_TASK_: From the line holding "Auf der anderen" through the line holding "上半场,英国右组两名男子冲进" below, write out every line exactly; include both of those lines and drop the pictures.

***** LISTED RECORDS *****

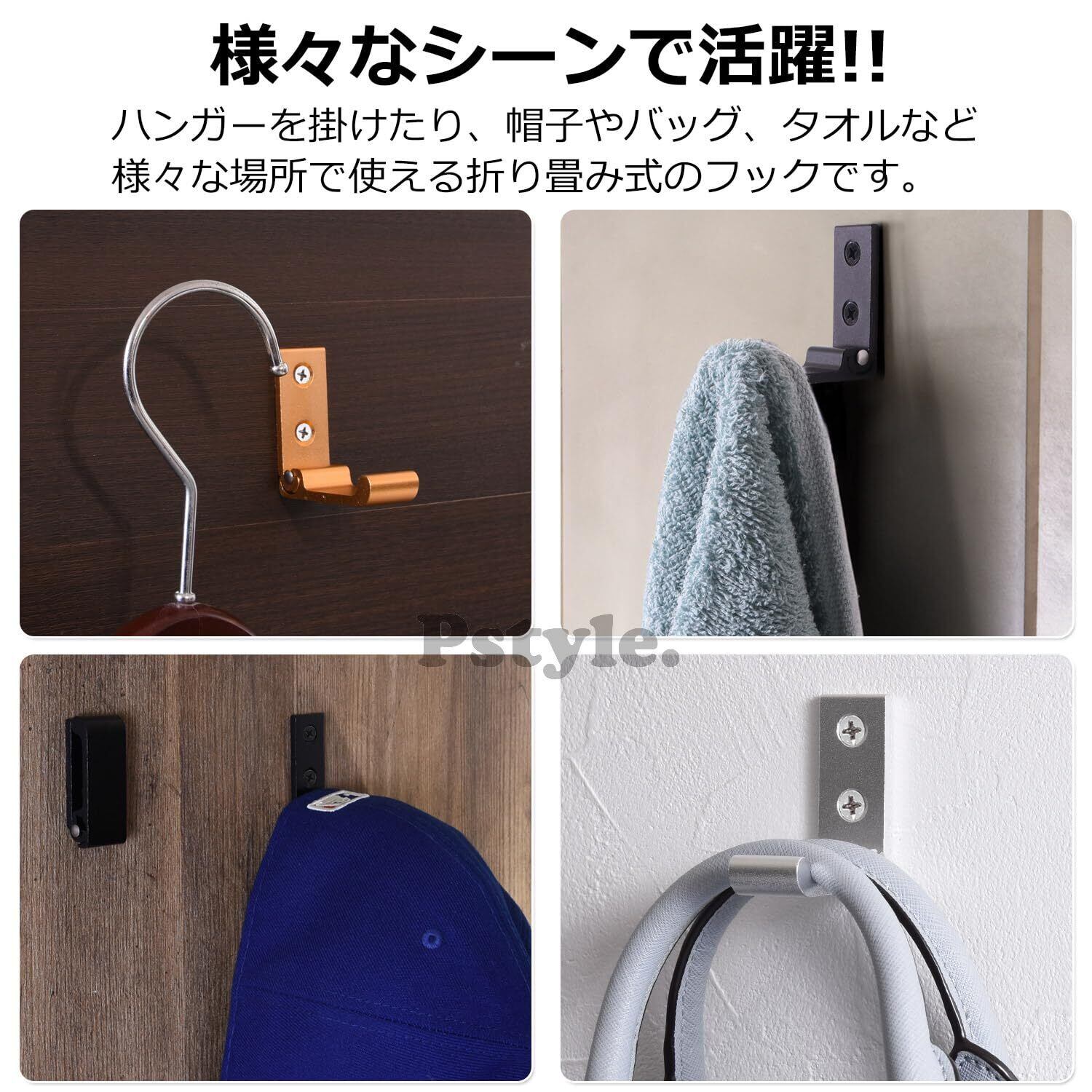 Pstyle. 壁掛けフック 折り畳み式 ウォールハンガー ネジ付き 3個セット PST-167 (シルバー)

*****
***** LISTED RECORDS *****

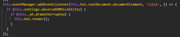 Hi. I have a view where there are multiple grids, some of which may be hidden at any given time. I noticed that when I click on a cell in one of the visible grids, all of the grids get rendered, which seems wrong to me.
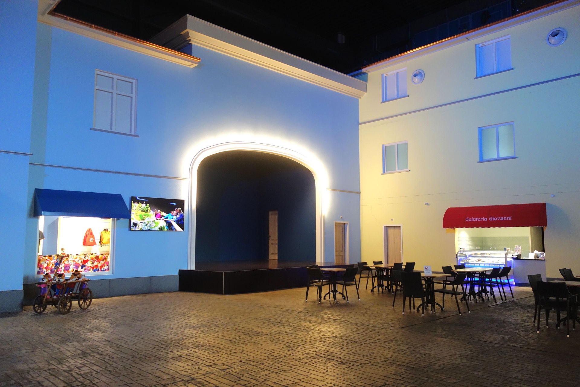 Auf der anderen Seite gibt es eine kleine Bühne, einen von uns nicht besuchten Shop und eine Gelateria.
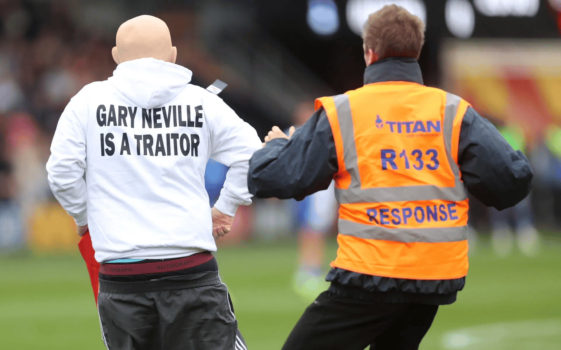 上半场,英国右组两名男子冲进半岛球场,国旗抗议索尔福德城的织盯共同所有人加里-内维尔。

*****
***** LISTED RECORDS *****

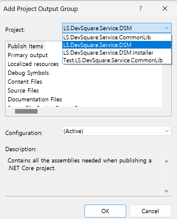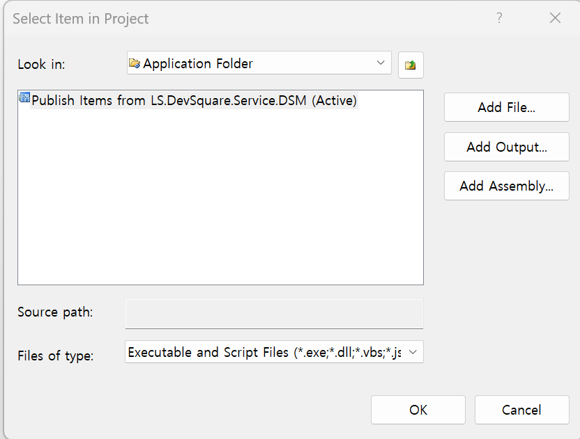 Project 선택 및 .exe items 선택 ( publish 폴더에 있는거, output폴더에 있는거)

*****

_ANSWER SECTION_:
 Auf der anderen Seite gibt es eine kleine Bühne, einen von uns nicht besuchten Shop und eine Gelateria.
 上半场,英国右组两名男子冲进半岛球场,国旗抗议索尔福德城的织盯共同所有人加里-内维尔。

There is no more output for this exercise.